====== INPUT DATA

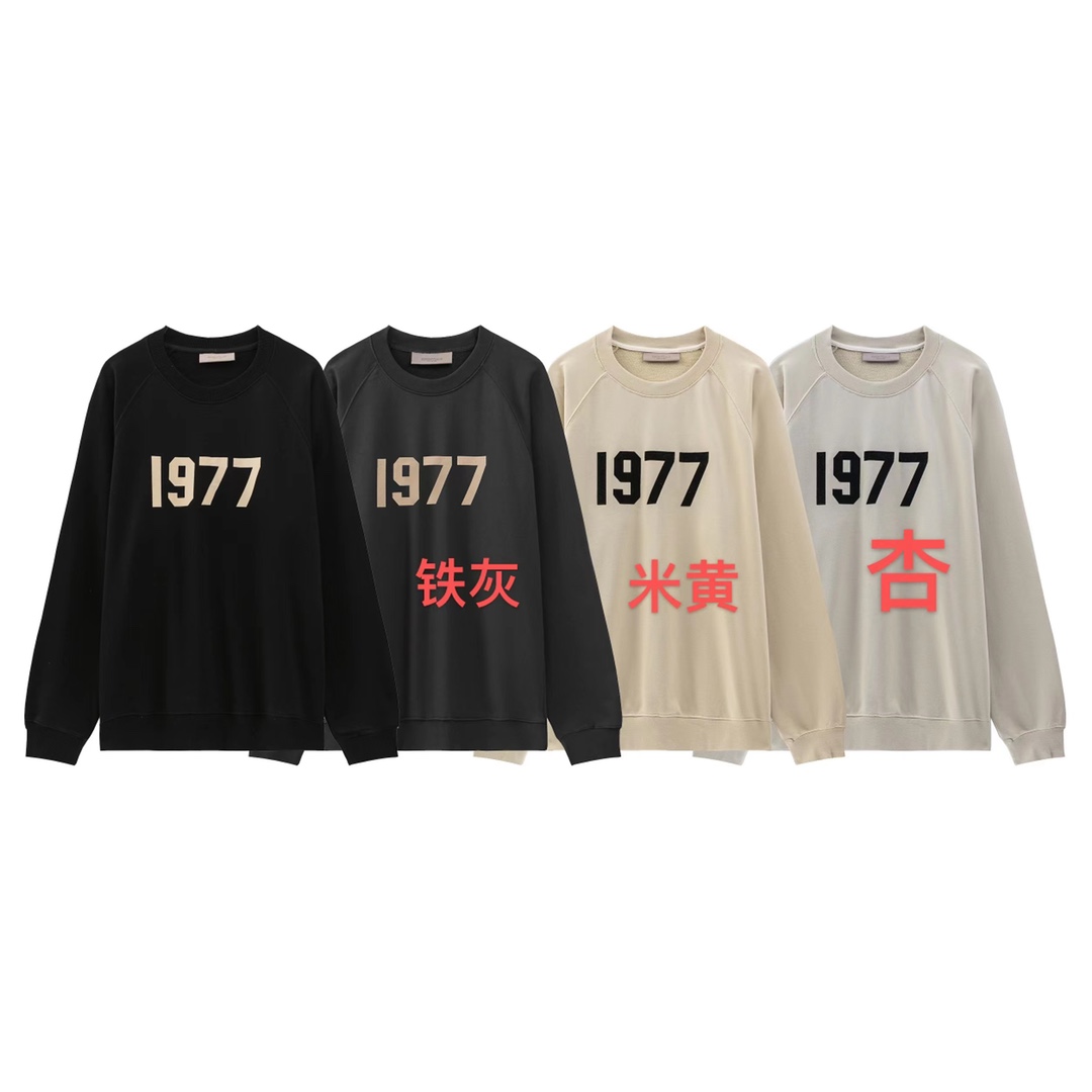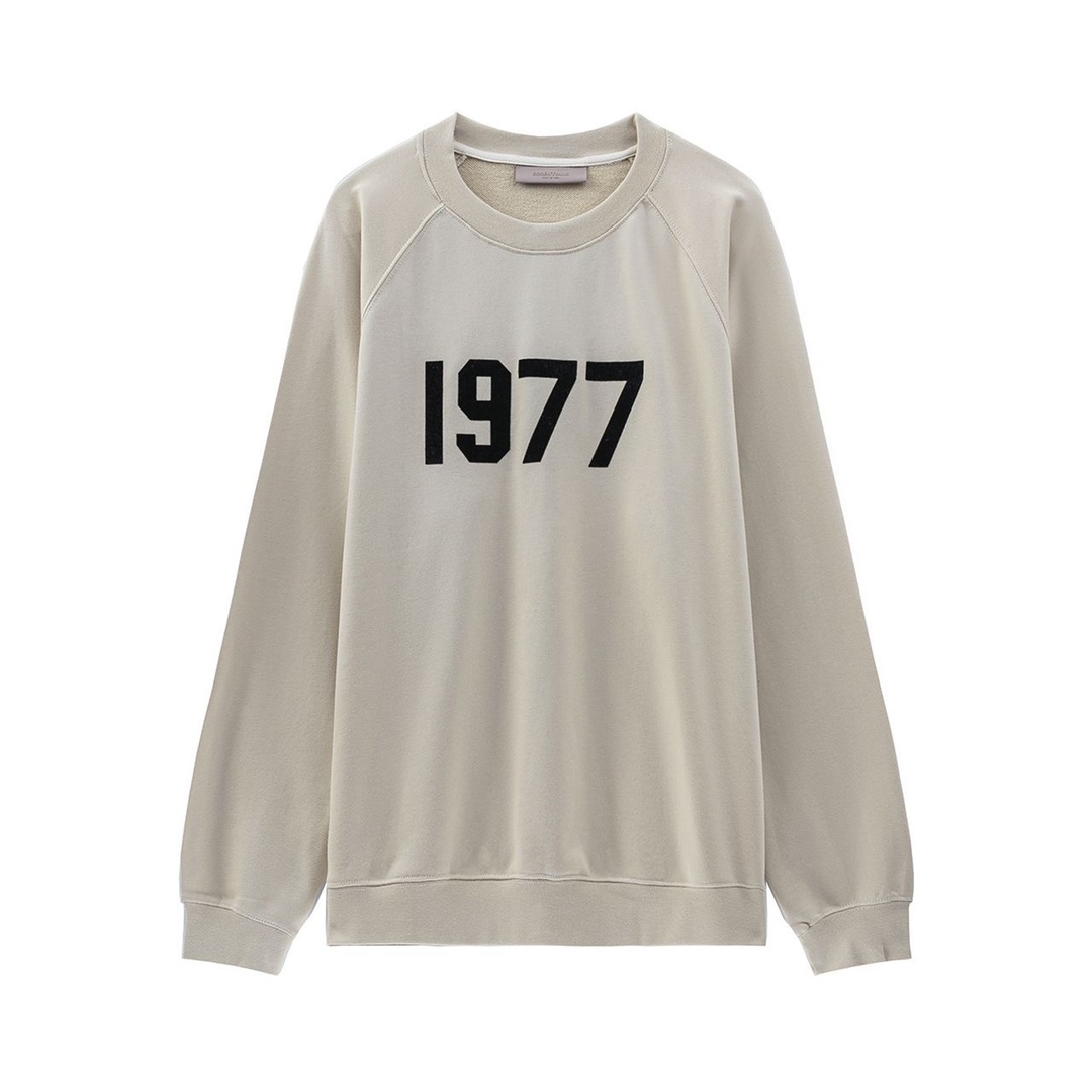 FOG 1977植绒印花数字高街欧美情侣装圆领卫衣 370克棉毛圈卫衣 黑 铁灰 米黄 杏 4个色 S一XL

============
====== INPUT DATA

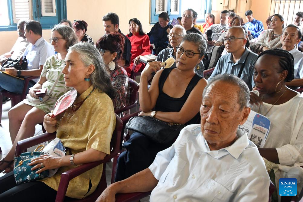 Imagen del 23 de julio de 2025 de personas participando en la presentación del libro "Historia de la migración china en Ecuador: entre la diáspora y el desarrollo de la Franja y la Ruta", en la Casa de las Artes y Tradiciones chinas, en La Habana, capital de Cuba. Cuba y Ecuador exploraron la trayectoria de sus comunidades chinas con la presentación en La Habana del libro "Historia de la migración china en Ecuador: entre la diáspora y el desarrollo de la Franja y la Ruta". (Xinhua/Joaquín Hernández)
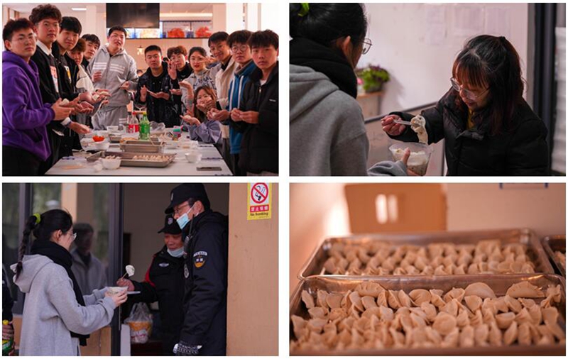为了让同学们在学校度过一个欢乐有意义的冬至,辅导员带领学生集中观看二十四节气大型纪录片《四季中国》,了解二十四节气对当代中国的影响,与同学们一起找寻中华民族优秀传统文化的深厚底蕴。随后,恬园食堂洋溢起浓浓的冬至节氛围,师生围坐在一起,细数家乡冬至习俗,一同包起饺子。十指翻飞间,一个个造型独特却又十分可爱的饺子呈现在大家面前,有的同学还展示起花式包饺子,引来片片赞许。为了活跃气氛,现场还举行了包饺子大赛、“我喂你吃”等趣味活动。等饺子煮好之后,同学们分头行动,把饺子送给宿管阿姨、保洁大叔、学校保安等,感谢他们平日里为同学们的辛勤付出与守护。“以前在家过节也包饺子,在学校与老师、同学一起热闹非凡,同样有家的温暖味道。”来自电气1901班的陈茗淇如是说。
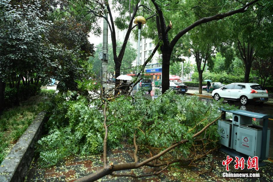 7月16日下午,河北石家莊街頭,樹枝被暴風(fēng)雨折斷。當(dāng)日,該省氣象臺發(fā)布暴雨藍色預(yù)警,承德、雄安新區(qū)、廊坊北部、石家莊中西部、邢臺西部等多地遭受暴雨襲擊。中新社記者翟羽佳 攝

============

▸ **ASSIGNED TASK**
Reproduce, word for word, everything in the listing above from the line containing "为了让同学们在学校度过一个欢" down to the line containing "7月16日下午,河北石家莊街", both of them included. No pictures.

▸ **WRITTEN RESPONSE**
为了让同学们在学校度过一个欢乐有意义的冬至,辅导员带领学生集中观看二十四节气大型纪录片《四季中国》,了解二十四节气对当代中国的影响,与同学们一起找寻中华民族优秀传统文化的深厚底蕴。随后,恬园食堂洋溢起浓浓的冬至节氛围,师生围坐在一起,细数家乡冬至习俗,一同包起饺子。十指翻飞间,一个个造型独特却又十分可爱的饺子呈现在大家面前,有的同学还展示起花式包饺子,引来片片赞许。为了活跃气氛,现场还举行了包饺子大赛、“我喂你吃”等趣味活动。等饺子煮好之后,同学们分头行动,把饺子送给宿管阿姨、保洁大叔、学校保安等,感谢他们平日里为同学们的辛勤付出与守护。“以前在家过节也包饺子,在学校与老师、同学一起热闹非凡,同样有家的温暖味道。”来自电气1901班的陈茗淇如是说。
 7月16日下午,河北石家莊街頭,樹枝被暴風(fēng)雨折斷。當(dāng)日,該省氣象臺發(fā)布暴雨藍色預(yù)警,承德、雄安新區(qū)、廊坊北部、石家莊中西部、邢臺西部等多地遭受暴雨襲擊。中新社記者翟羽佳 攝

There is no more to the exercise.